### Assigned task
The needed output is the run of lines below from the one containing "Nefret söyleminin nereye" through the one containing "Méthode 2 : Synchroniser", copied exactly and free of pictures.

### Data for this exercise
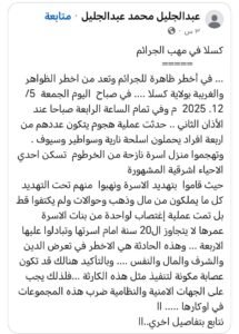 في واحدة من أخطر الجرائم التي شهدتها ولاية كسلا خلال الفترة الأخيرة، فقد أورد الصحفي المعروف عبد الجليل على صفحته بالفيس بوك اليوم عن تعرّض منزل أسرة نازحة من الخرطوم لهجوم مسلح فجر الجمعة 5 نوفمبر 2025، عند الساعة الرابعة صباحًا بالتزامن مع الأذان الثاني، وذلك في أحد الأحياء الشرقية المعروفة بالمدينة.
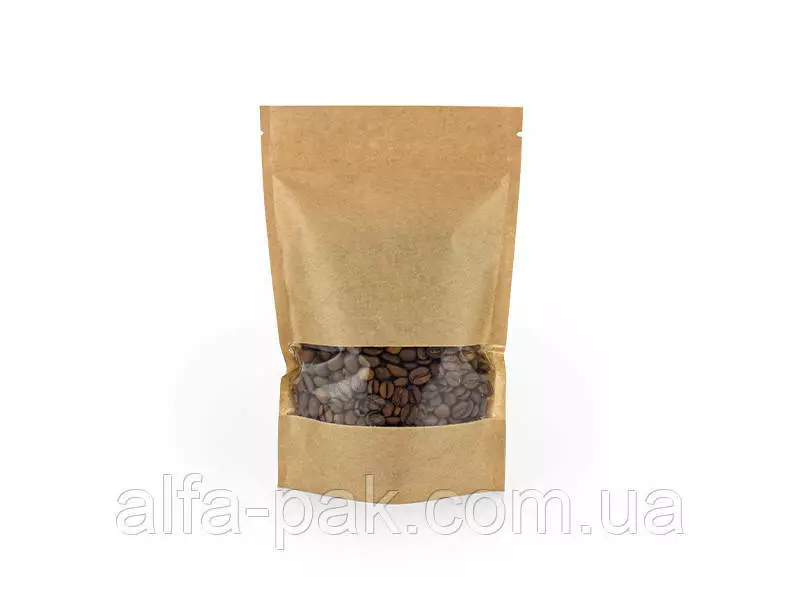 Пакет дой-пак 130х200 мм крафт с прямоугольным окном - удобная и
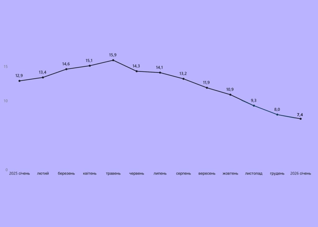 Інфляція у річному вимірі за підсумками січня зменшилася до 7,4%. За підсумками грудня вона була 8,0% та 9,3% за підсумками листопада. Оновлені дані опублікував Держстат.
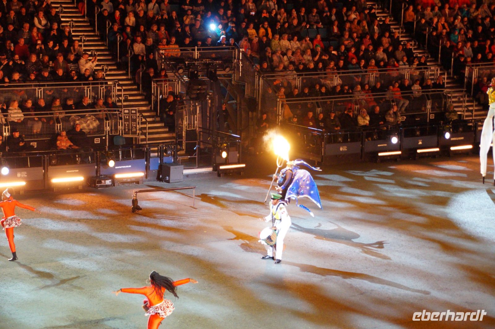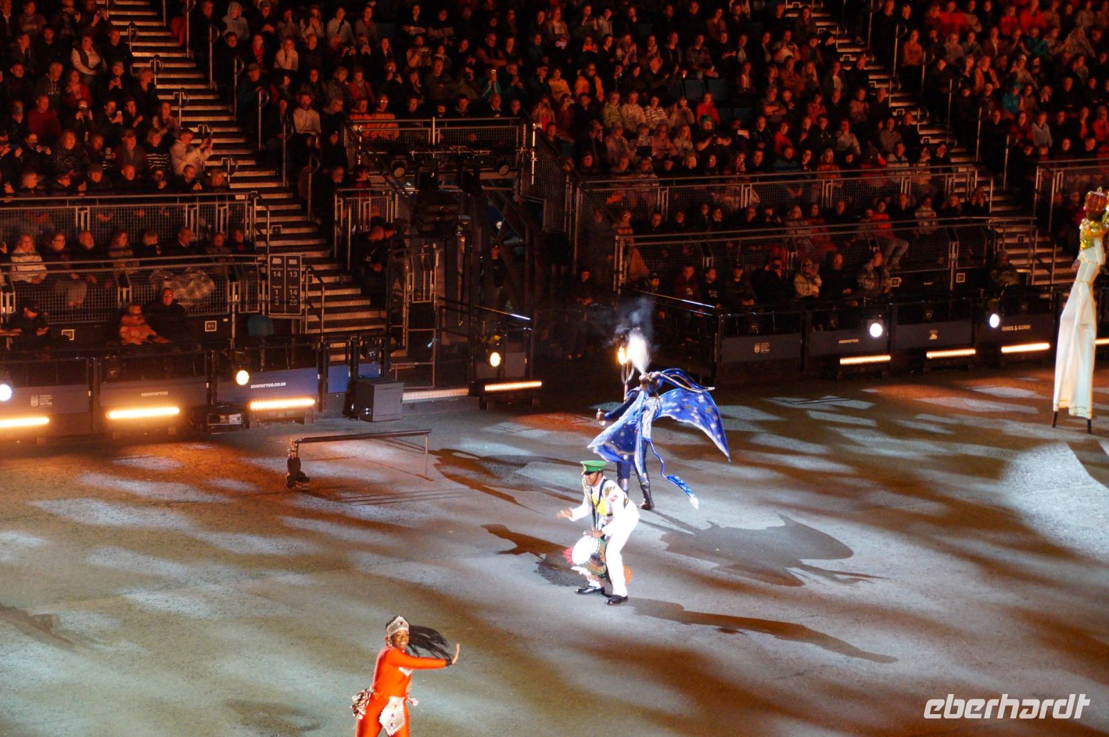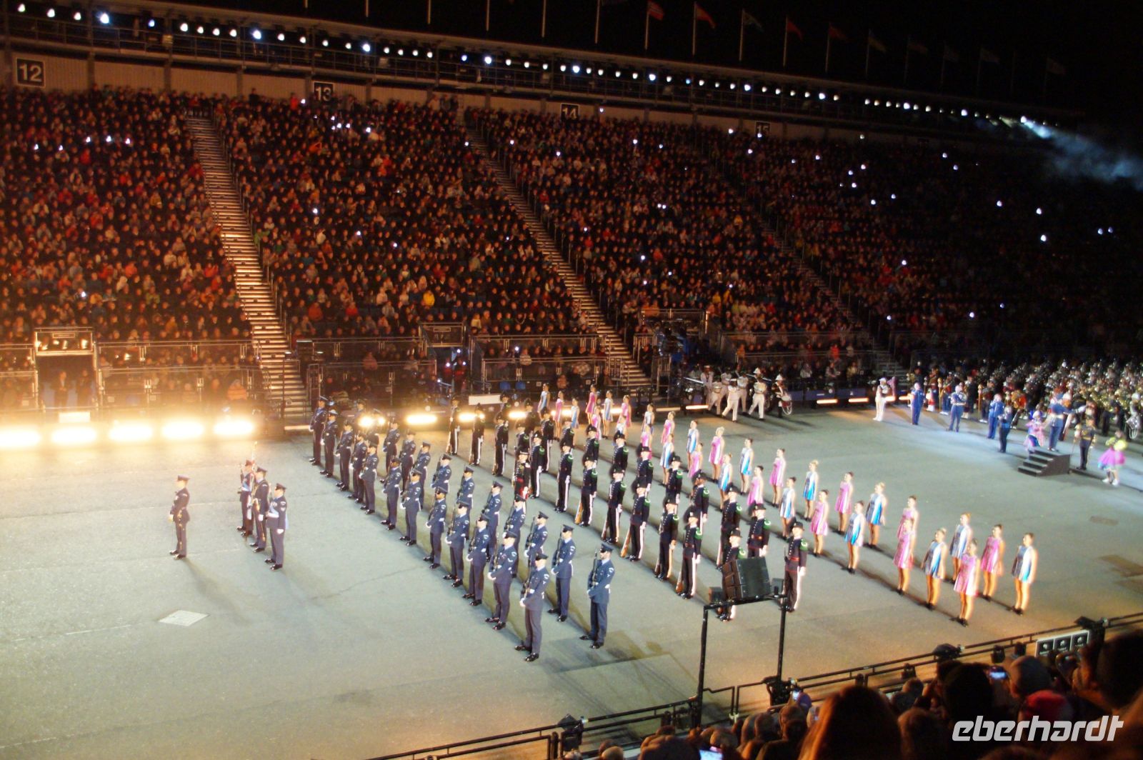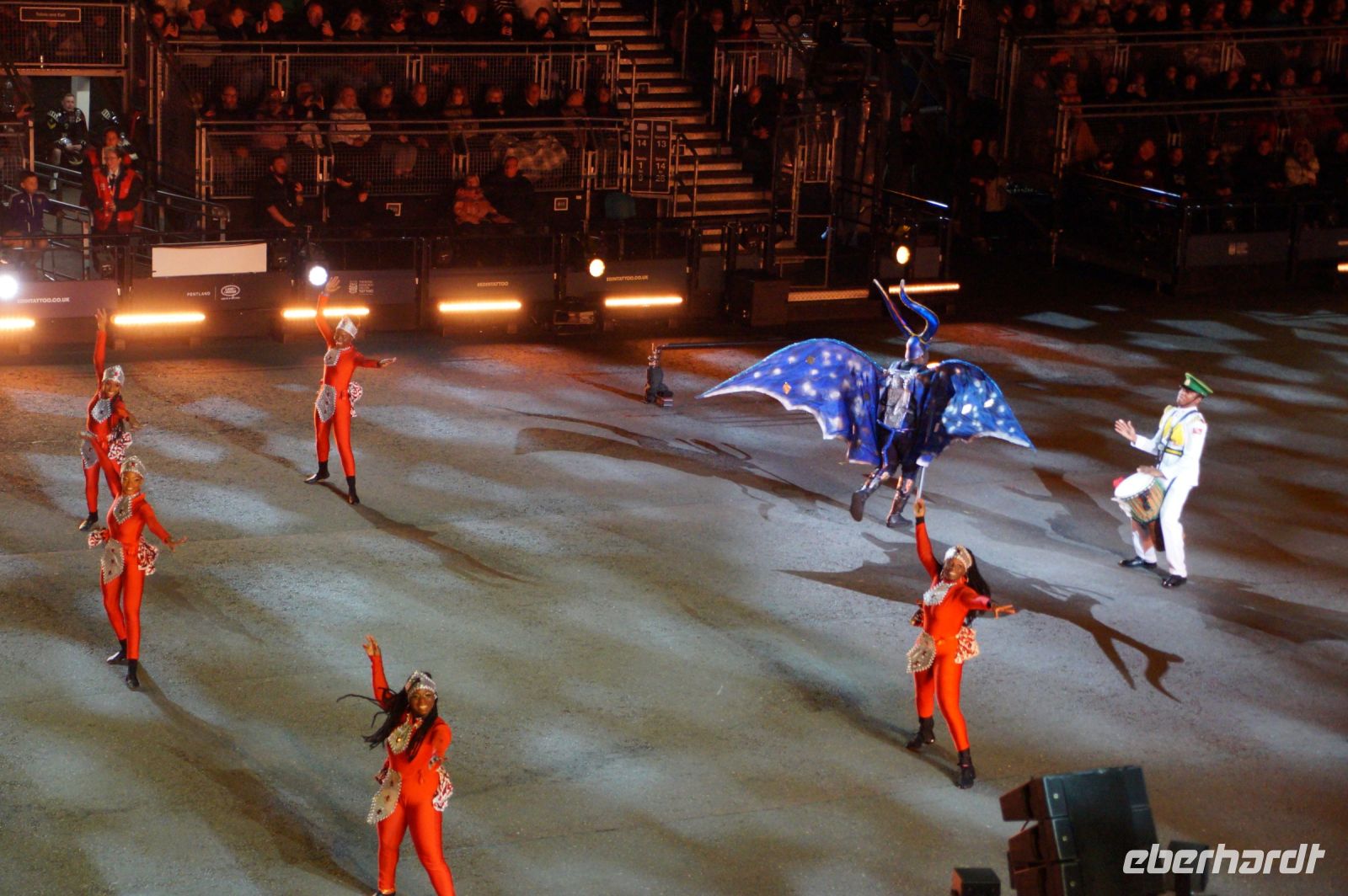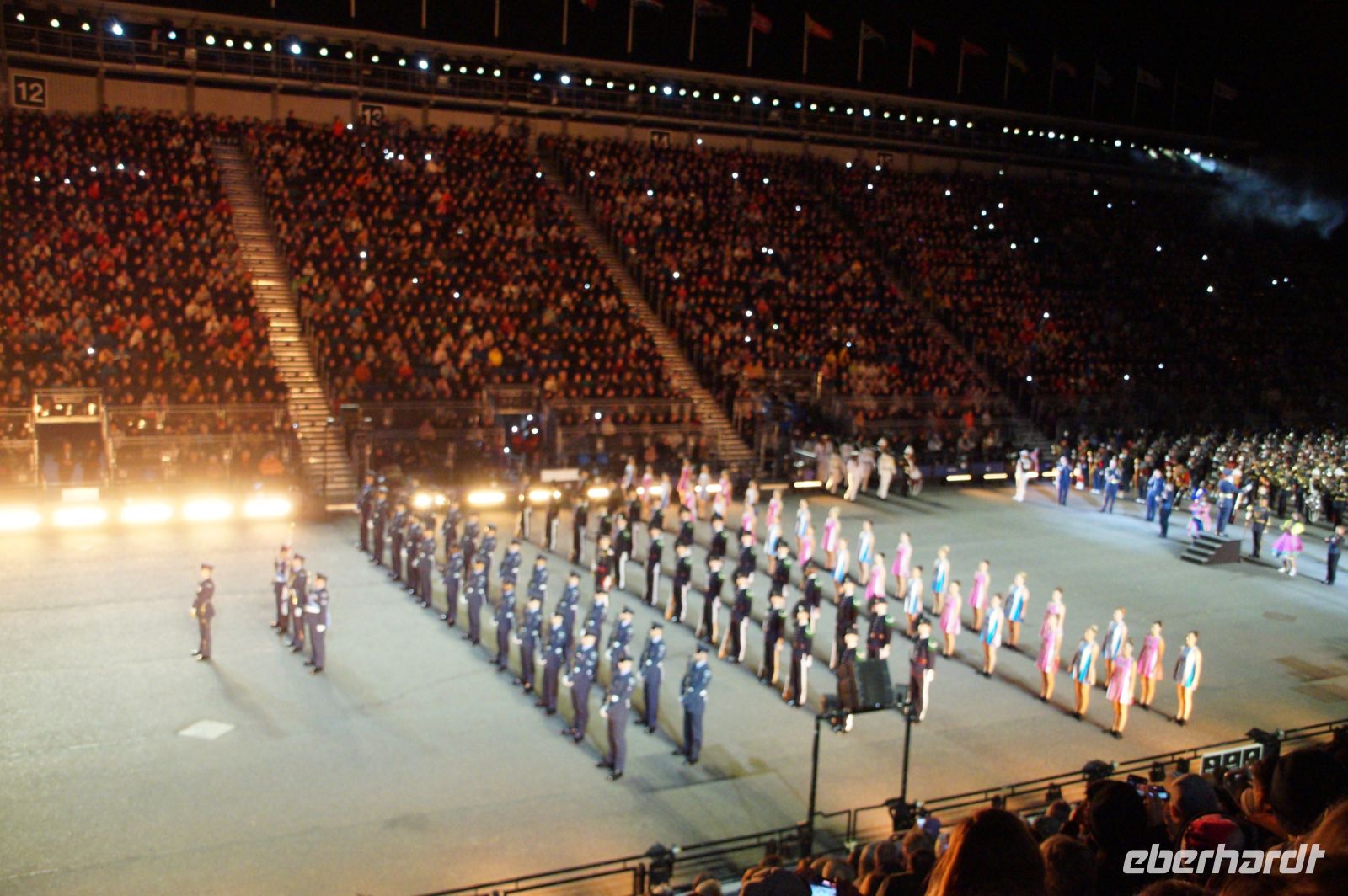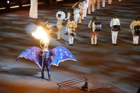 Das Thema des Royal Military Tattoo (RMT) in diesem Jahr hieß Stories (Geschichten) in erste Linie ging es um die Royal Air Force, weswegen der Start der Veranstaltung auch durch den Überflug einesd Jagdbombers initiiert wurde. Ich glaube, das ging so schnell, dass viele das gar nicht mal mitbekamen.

==

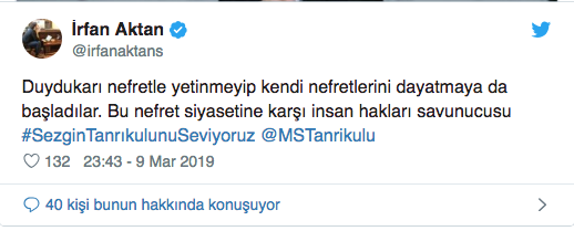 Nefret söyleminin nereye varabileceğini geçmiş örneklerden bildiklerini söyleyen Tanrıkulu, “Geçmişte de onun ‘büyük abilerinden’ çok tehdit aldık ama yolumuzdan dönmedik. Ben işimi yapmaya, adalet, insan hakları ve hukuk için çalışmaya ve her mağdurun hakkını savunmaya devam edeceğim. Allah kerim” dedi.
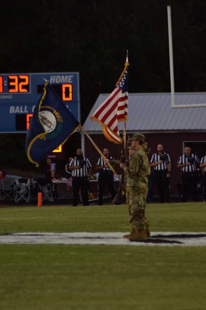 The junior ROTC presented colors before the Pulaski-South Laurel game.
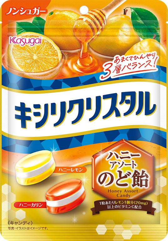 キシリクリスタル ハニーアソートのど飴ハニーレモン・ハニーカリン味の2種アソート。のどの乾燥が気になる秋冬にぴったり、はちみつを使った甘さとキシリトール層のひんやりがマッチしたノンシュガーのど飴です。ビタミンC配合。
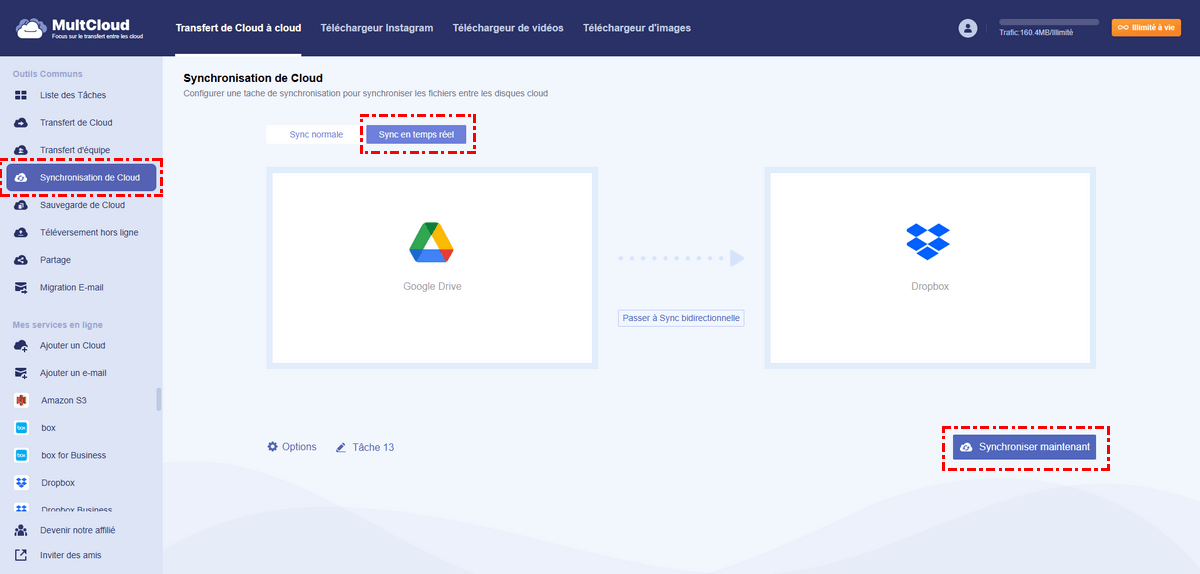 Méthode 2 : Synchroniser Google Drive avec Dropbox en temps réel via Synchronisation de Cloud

...

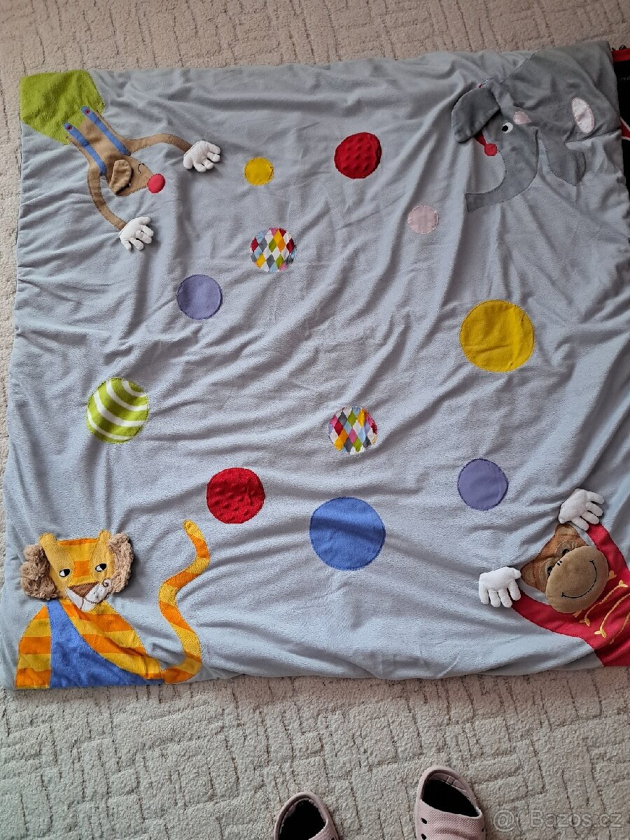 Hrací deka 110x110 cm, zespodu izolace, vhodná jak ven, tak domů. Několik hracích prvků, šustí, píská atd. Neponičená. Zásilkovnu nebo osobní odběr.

### Written response
 Nefret söyleminin nereye varabileceğini geçmiş örneklerden bildiklerini söyleyen Tanrıkulu, “Geçmişte de onun ‘büyük abilerinden’ çok tehdit aldık ama yolumuzdan dönmedik. Ben işimi yapmaya, adalet, insan hakları ve hukuk için çalışmaya ve her mağdurun hakkını savunmaya devam edeceğim. Allah kerim” dedi.
 The junior ROTC presented colors before the Pulaski-South Laurel game.
 キシリクリスタル ハニーアソートのど飴ハニーレモン・ハニーカリン味の2種アソート。のどの乾燥が気になる秋冬にぴったり、はちみつを使った甘さとキシリトール層のひんやりがマッチしたノンシュガーのど飴です。ビタミンC配合。
 Méthode 2 : Synchroniser Google Drive avec Dropbox en temps réel via Synchronisation de Cloud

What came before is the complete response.